The problem: Copy the data that appears below exactly. Drop the pictures.
Given information below:
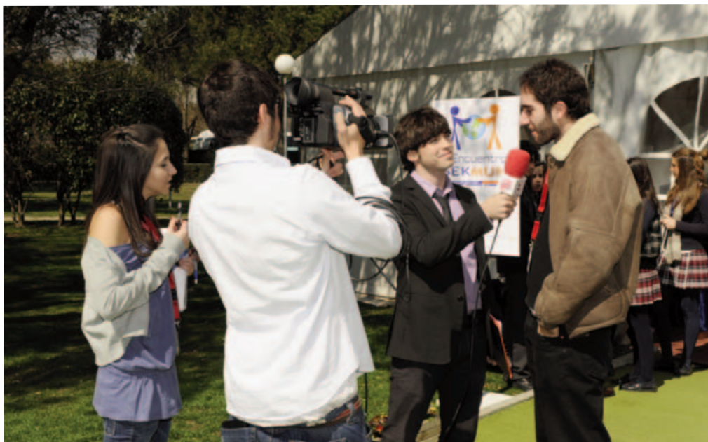
IV Encuentro SEKMUN. Trabajo periodístico.

La Presidencia lee y luego somete a votación el/los proyecto/s de resolución recibido/s.
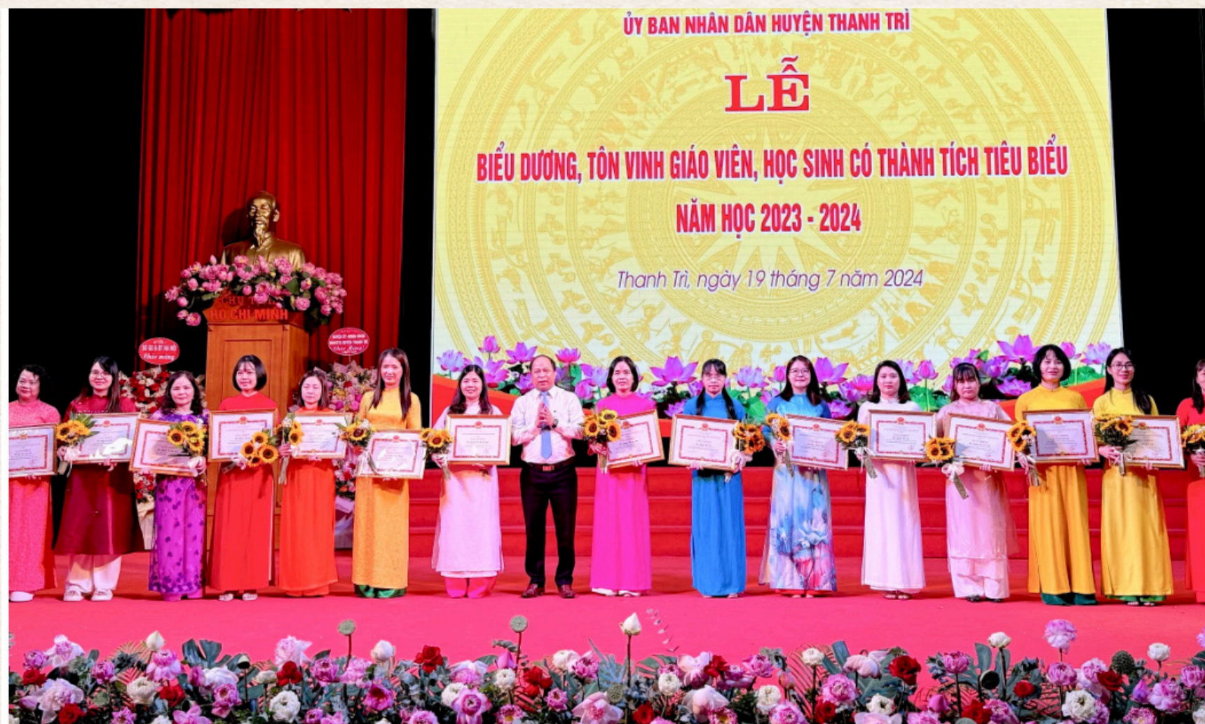
Các giáo viên có thành tích cao năm học 2023-2024 được UBND huyện Thanh Trì biểu dương
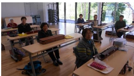
大正琴教室 （第2・4木曜日）
End of Given information.
Answer space:
IV Encuentro SEKMUN. Trabajo periodístico.

La Presidencia lee y luego somete a votación el/los proyecto/s de resolución recibido/s.
Các giáo viên có thành tích cao năm học 2023-2024 được UBND huyện Thanh Trì biểu dương
大正琴教室 （第2・4木曜日）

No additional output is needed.